Students quickly erased the messages. “I don’t have the money to pay for a tow truck,” said Courtney Coleman, whose Ford Tempo warned, “Don’t live at University House.”
University House manager Tara Hicks acknowledges problems with mail and parking. But she says she is trapped because the postal service won’t train her employees or change the delivery system so that she no longer has the responsibility. “This has been a long running battle with the post office,” she says.
“We get plenty of complaints, almost daily,” she continues. “But it’s the same thing at all other student housing.”
Hicks, who graduated from UCF last summer, says she tries to provide oversight to University House employees who sort mail, but the distractions of student housing constantly tear her away. “It’s hardly on the list of No. 1 priorities,” she says. “It’s not fair for us to have to do someone else’s job.”

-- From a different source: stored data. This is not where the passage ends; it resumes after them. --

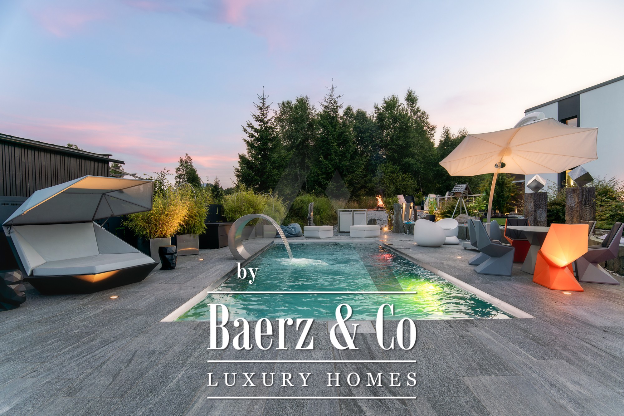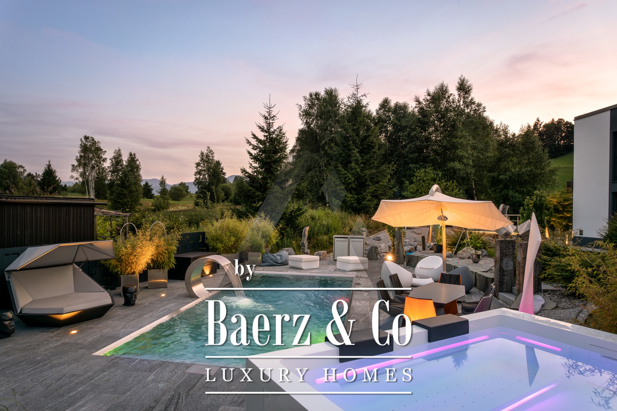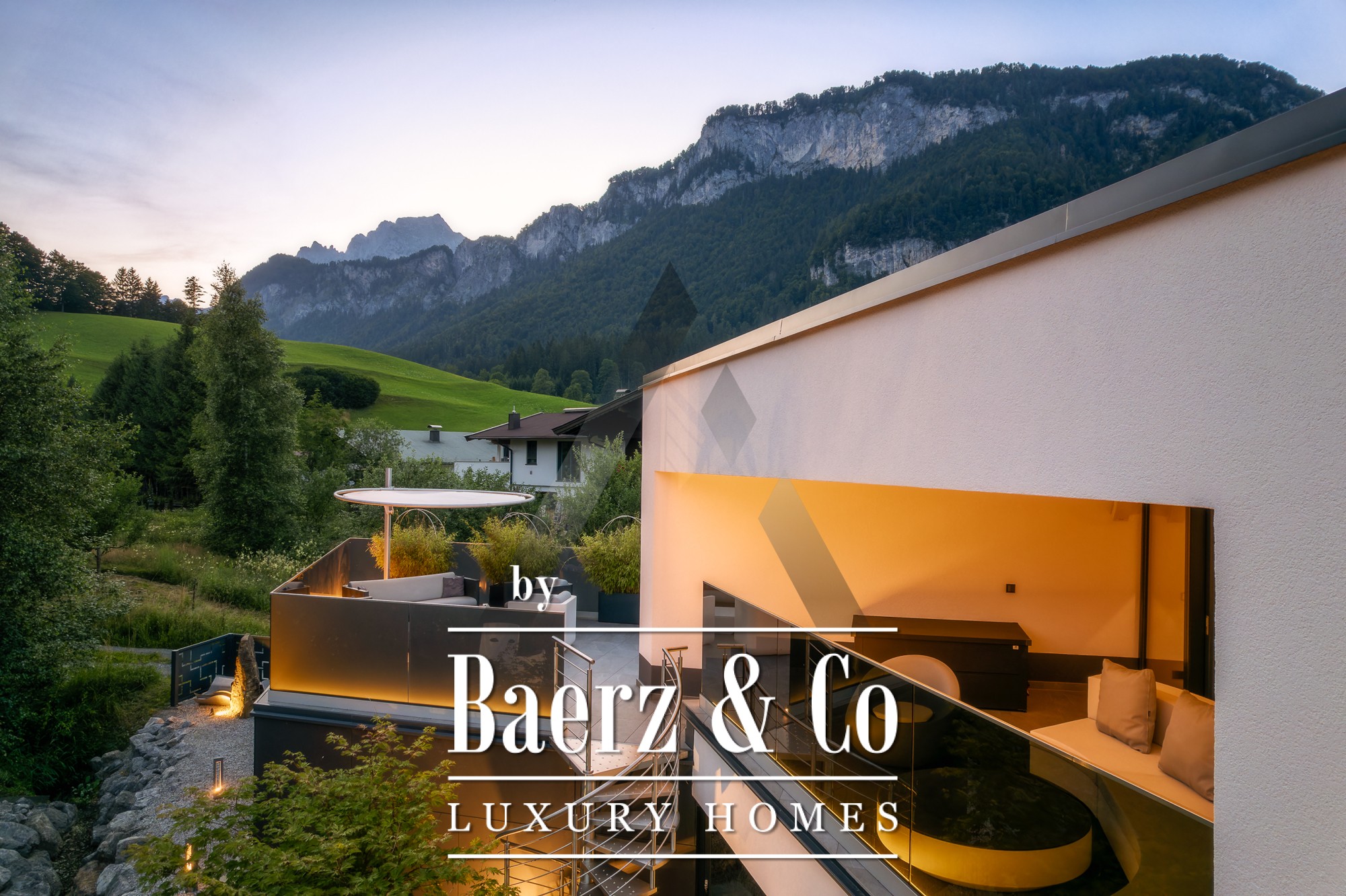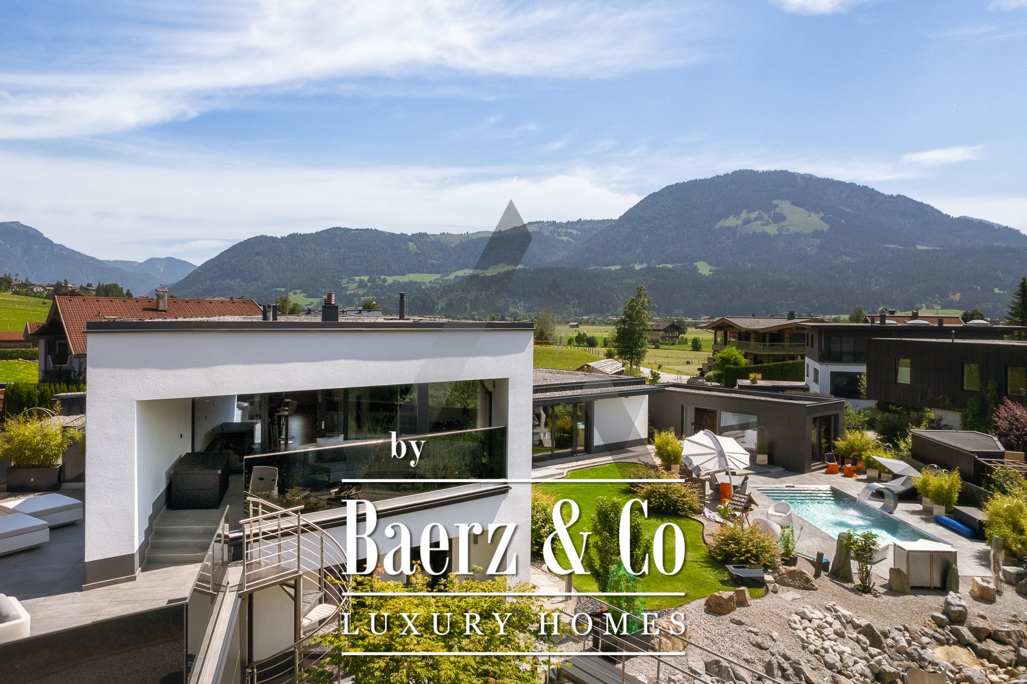 Das Einfamilienhaus in St. Johann in Tirol befindet sich in ruhiger und sonnenverwöhnter Lage und bietet einen beeindruckenden Ausblick auf das Kitzbüheler Horn und das Wilder Kaiser Gebirge. Diese zeitgenössische Immobilie mit 418 m² Wohnfläche auf einem 1.186 m² großen Grundstück verkörpert das Wesen eines anspruchsvollen alpinen Lebensstils. Die idyllische Landschaft wird von einem Teich, liebevoll gestalteten Bachläufen, großzügigen Terrassen und weitreichenden Bergpanoramen geprägt. Der Außenbereich besticht durch einen Edelstahlpool, einen Designer-Whirlpool von Treesse und eine Sauna, die zu entspannten Morgenstunden und erholsamen Nachmittagen einladen.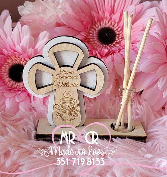 Viene spedita “smontata” : sarà sufficiente incastrare la croce nella fessura e appoggiare la boccetta nell’apposito spazio.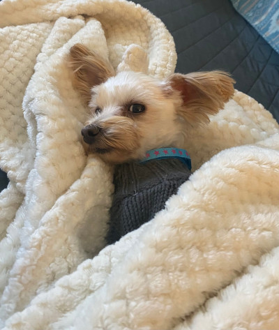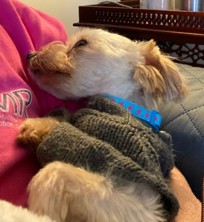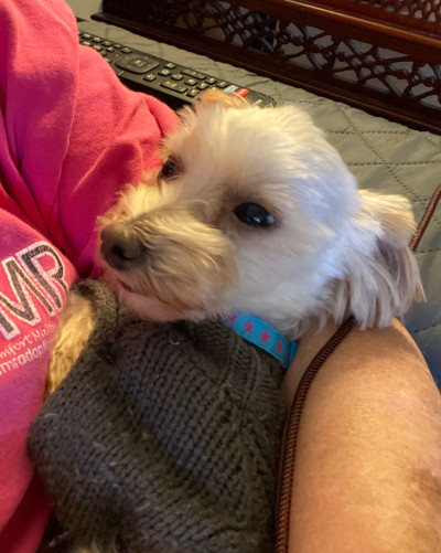 Meet Ziggy, he is a male Maltese, Yorkie mix (Morkie). He’s around 4 years old and only 4.8 pounds. He wants to make sure that everyone knows that he is a little baby who loves attention and being held. It would be best if someone is home most of the day because he is happiest with his person. Since he is so tiny, you need to be surefooted since he can easily get under foot.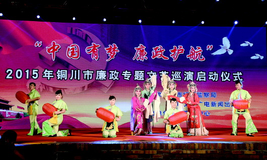 7月16日晚,由铜川市纪委监察局、市文广局主办的“中国有梦 廉政护航”2015年铜川市廉政专题文艺巡演活动在新区阳光大舞台启动。市委书记郭大为,市政协主席张应龙,市人大常委会党组书记、副主任袁丁兴,市委常委、市委宣传部部长闫旭,市委常委、市纪委书记王瑞峰,市委常委、常务副市长相红霞等与近千名干部群众一起观看演出。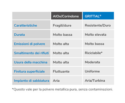 La tabella mostra i mezzi abrasivi Korund e GRITTAL® a confronto, tra l’altro per quanto riguarda le proprietà, la produzione di polvere, lo smaltimento e l’usura delle macchine.

She shares the frustration of residents over the parking arrangements, but says there’s nothing she can do since corporate offices in Dallas authorized the covered parking spots. She says students exacerbate the problem by inviting up to 15 visitors per apartment on any given night.
The towing incident began, she says, when a male resident became angry he’d been towed from a carport parking spot. So he parked his car with the message “University House sucks” in front of the complex’s model apartment and handed out fliers telling potential renters to spurn University House. That’s when Hicks decided to start towing. “They have the freedom to say what they want to say, but we don’t have to put up with that,” she says.
Hicks says students are often their own worst enemies, because of the tone they adopt when trying to reconcile differences. “Unfortunately, a lot of people are just coming out of their parents’ houses,” she says. “They talk to people however they want. They come at us screaming and cursing instead of handling things in a mature way.”
Berry, though, says it is University House management that is often reactionary, making excuses for what he considers poor service. That will change soon, he says. He’s already made plans to move into a house in the fall where he hopes to enjoy the simple basics of life. “I’m looking forward to getting a postman next year,” he says. “I’ll bake him cookies.”